The point is; we might need to relook at what it means to create young multilingual scholars in South Africa today. This comes as African languages are still struggling as subjects and as languages of learning and teaching in our higher education sector. In this, one sees whose language(s) get institutional recognition and when, and whose language continues to be marginalised.
As I have argued elsewhere, the only way to see a true multilingual education is to ensure that African languages are used more in writing, even in academia. If African language students cannot contribute to scholarly discourses in their mother tongues as they can in English, we may be wasting our time.
For African languages to be seen as languages for accessing knowledge and be implemented as such is a matter of equity and justice. In our classrooms, we still have young individuals who bring diverse linguistic repertoires but are ignored in the construction of knowledge.

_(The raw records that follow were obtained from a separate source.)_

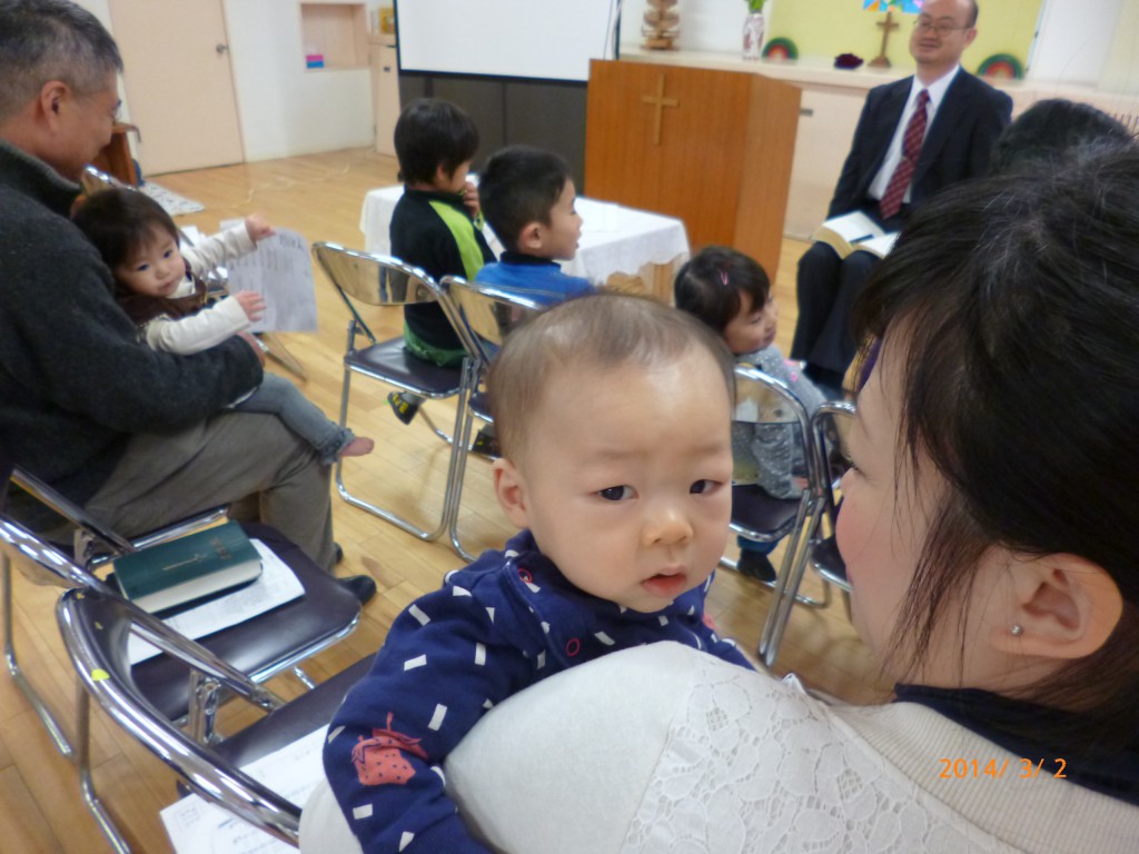 礼拝前の様子。 こども聖句前に精神集中。 今日のお花。 礼拝前、聖…
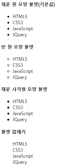 - list-style-type - 순서 없는 목록 스타일
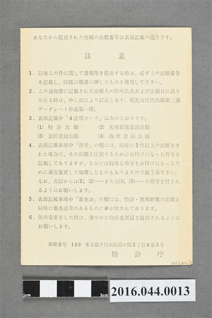 本物件為申請確認明信片,為本多特許事務所協助田川清先生申請變更商標所有人,而特許廳寄送此明信片作為確認接受申請之通知,內容載有申請日期及號碼。
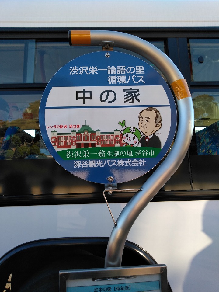 「論語の里」循環バス到着。「論語の里」をぐるっと巡回した後、JR深谷駅前まで運んでくれます。
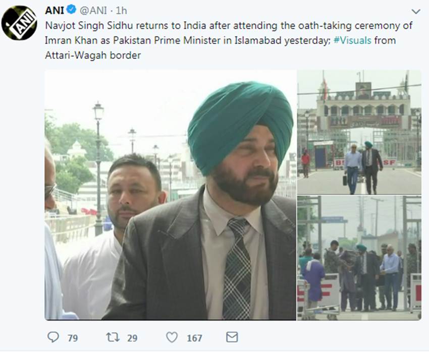 बता दें कि शनिवार (18 अगस्त) इमरान खान का शपथ ग्रहण समारोह थे। कार्यक्रम के लिए उनकी पार्टी ने सिद्धू समेत तीन भारतीय क्रिकेट दिग्गजों को न्योता भेजा था। अकेले सिद्धू ही थे, जो इस्लामाबाद पहुंचे। समारोह में उनकी मुलाकात बाजवा से हुई थी, जहां वे एक-दूजे के गले लगे थे। भारत में इसी को लेकर सिद्धू की जमकर आलोचना हो रही थी।

It is about time we start encouraging young people to use and develop African languages in the digital world. Youth-led movements that will promote African languages on different platforms could move us beyond mere rhetoric. To do this, we can engage language professionals, those who use language and know how language works in different spheres of society.
These days, African languages such as isiXhosa are being spoken by different people and used to produce literary works. The existing body of work can be used to enhance African languages and multilingualism in education.
In conclusion, as we commemorate International Mother Language Day, we must pause and ponder the following questions: Is multilingual education in South Africa a betrayed promise?
Are we producing multilingual citizens or just people who use English as a survival mechanism?
Going forward, we must find solutions to the language issues that we face and empower young people to promote their mother languages in a multilingual society.
Dr Xeketwana is a senior lecturer in the Department of African Languages at Stellenbosch University.